Marxists oppose capitalism because they see it as anti social – workers get exploited via
the wages system, and goods and services are only produced if they can be sold for
profits
The motivation for production is therefore ‘greed’ rather than ‘need’
There is an essential conflict in capitalist society between owners and workers
Political Marxists suggest that eventually this conflict will lead to proletarian
consciousness leading to communist revolution.
Power in capitalist society (both force and ideological power) is therefore deployed by
the bourgeoisie to make sure such revolution does NOT happen and that existing
capitalist system is reproduced and perpetuated.

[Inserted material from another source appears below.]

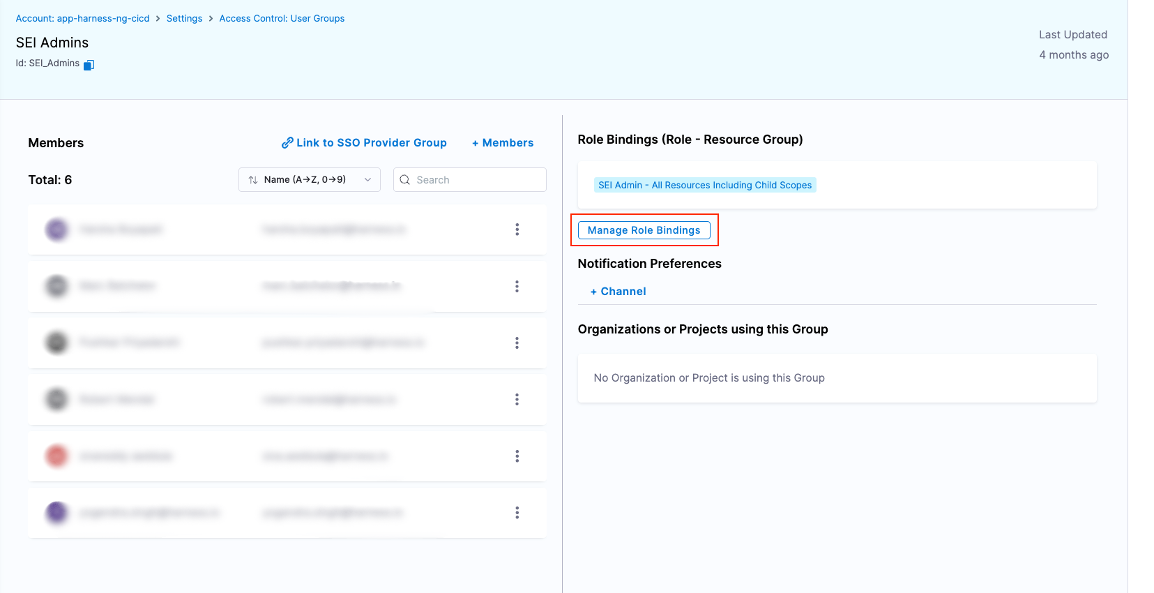 • In Harness, go to Account Settings, and search for the user or user group where you want to assign the permissions.
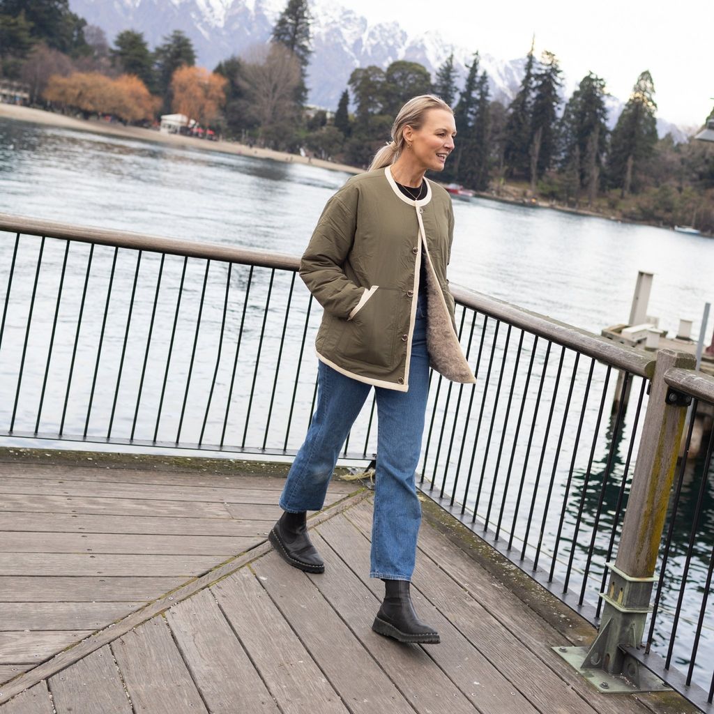 Flip it, style it, love it this reversible jacket is basically two jackets in one. Rock the olive green side or switch to cream whenever the mood strikes.

Capitalism is seen by Marxists as the latest economic system in history – earlier systems
such as feudalism were brought down by class conflict as will capitalism eventually. The
struggle between classes is seen as the motor which drives history forwards.
Criticisms of Marxism
 Determinism – Marxism sees economics as the determinant of everything in
society and everything in history
 Capitalism has not developed in the ways Marx predicted – the class
structure is more complex than the two class model offered – the distribution
of power in society could therefore also be more complex
 Contradictory? Revolutionary consciousness and false consciousness – early
Marxists suggested that the experience of capitalism (low wages, long hours and
exploitation) would result in the working class becoming conscious and
revolutionary. Later Marxists have emphasised the role of the superstructure
creating ‘false consciousness’ amongst the workers leading to the working class
accepting and consenting to the capitalist system as natural and desirable.
Education
 Education is seen as part of the apparatus that legitimises and reproduces
societies inequalities and divisions – the Superstructure
 In “Schooling in Capitalist society” Bowles and Gintis claim that schools
reward conformity over intelligence and achievement
 In their study of American high school students they found that the best grades
were achieved by hard working obedient children rather than the creative,
aggressive and independent ones
 They also noted that schooling “corresponds” with boring factory line
production to prepare future workers for their lot in society
Education
 Louis Althusser sees the role of education as ideological.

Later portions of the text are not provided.